§ **RECORD EXCERPTS**
====
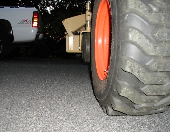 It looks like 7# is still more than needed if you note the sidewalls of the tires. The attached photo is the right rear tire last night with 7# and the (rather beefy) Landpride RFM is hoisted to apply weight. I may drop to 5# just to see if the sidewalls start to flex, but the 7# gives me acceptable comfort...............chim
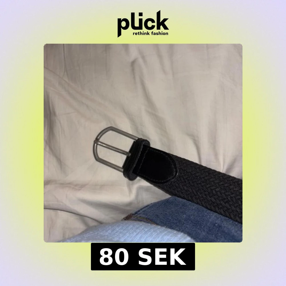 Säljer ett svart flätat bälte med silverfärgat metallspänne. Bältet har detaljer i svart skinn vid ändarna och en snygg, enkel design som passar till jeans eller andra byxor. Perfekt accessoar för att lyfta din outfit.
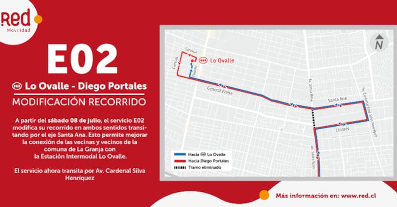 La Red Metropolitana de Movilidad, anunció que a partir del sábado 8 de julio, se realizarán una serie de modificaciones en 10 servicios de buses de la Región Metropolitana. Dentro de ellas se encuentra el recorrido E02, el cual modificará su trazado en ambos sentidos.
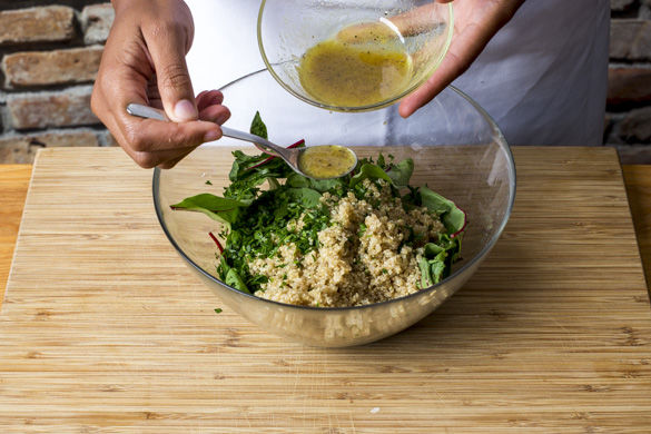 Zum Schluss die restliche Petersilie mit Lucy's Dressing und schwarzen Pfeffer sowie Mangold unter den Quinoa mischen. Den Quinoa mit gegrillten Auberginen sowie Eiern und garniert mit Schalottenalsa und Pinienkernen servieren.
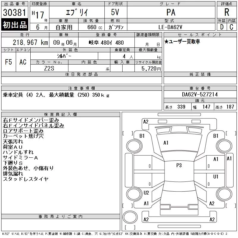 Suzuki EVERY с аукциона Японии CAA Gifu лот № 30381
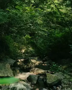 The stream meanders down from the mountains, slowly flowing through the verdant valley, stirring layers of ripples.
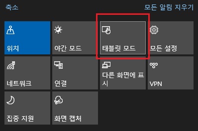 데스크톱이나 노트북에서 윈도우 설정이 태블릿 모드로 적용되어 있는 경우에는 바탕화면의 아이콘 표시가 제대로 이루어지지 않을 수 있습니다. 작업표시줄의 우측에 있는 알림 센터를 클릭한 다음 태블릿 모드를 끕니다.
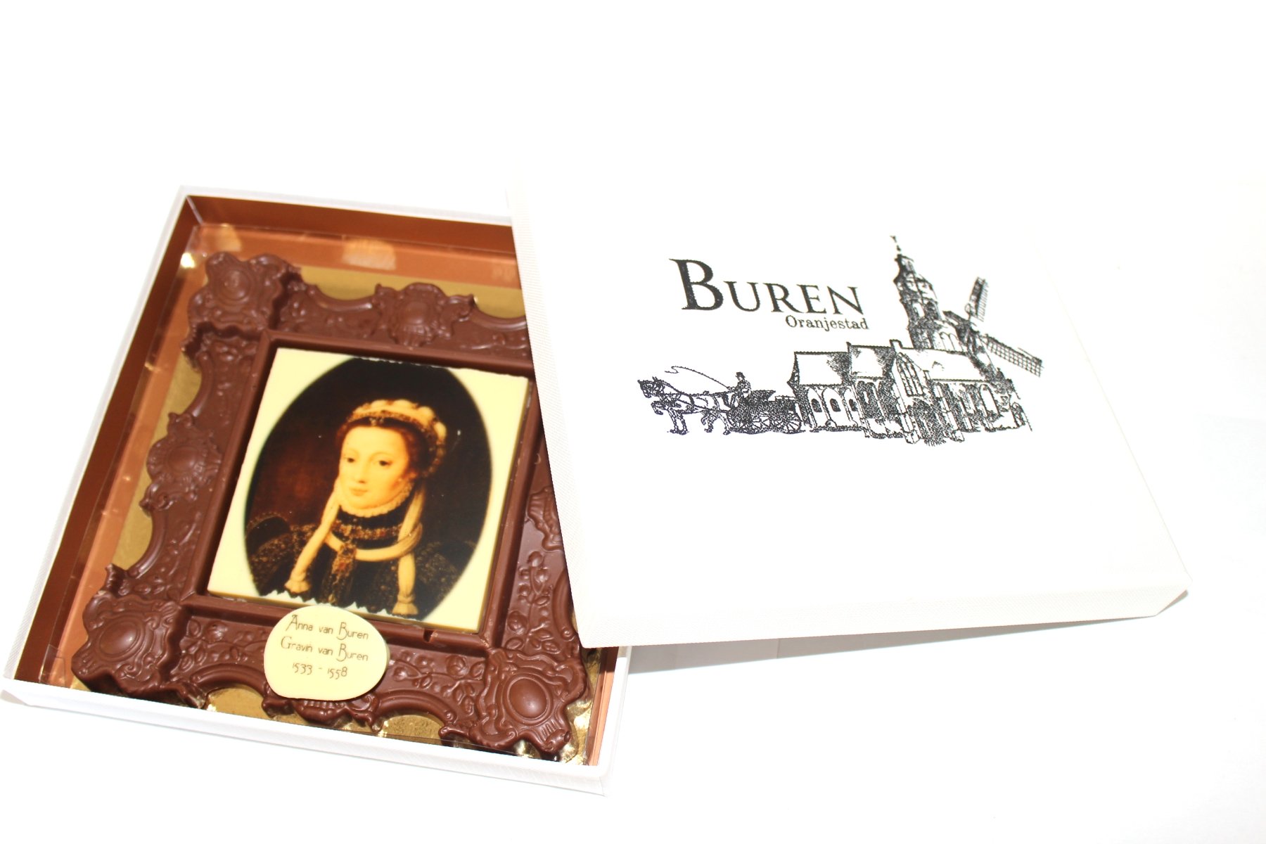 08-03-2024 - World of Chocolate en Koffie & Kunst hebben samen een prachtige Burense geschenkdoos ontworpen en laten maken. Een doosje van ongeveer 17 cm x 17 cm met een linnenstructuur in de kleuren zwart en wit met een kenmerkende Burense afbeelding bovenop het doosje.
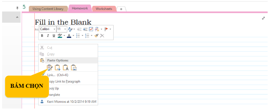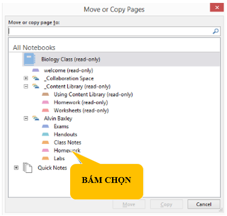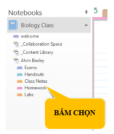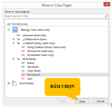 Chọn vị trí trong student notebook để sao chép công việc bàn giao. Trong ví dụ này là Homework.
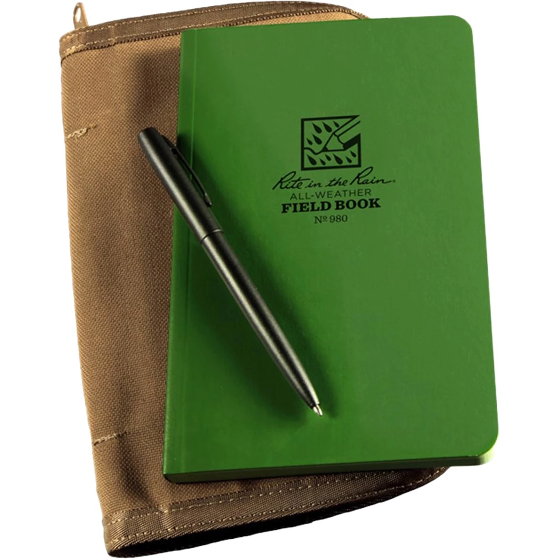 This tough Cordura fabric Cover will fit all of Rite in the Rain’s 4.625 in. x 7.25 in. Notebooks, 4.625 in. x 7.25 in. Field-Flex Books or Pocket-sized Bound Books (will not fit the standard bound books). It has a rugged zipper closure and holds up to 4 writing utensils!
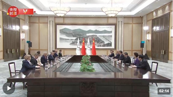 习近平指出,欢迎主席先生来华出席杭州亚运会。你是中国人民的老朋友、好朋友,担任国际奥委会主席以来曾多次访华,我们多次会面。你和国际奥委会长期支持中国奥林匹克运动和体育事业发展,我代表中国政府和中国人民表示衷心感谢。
====
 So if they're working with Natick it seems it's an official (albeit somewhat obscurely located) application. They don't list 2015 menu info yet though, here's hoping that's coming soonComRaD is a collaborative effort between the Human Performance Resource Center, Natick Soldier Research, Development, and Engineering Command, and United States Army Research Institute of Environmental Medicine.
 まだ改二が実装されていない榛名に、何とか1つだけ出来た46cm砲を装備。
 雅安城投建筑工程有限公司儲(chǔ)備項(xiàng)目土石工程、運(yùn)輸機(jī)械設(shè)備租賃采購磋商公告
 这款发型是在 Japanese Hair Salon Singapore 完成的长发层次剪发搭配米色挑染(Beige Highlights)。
====
§ **WORK ORDER**
Above, find the line with "Chọn vị trí"; copy it and every line down to the line with "习近平指出,欢迎主席先生来华", exactly and both included, but no pictures.

§ **RESPONSE AREA**
 Chọn vị trí trong student notebook để sao chép công việc bàn giao. Trong ví dụ này là Homework.
 This tough Cordura fabric Cover will fit all of Rite in the Rain’s 4.625 in. x 7.25 in. Notebooks, 4.625 in. x 7.25 in. Field-Flex Books or Pocket-sized Bound Books (will not fit the standard bound books). It has a rugged zipper closure and holds up to 4 writing utensils!
 习近平指出,欢迎主席先生来华出席杭州亚运会。你是中国人民的老朋友、好朋友,担任国际奥委会主席以来曾多次访华,我们多次会面。你和国际奥委会长期支持中国奥林匹克运动和体育事业发展,我代表中国政府和中国人民表示衷心感谢。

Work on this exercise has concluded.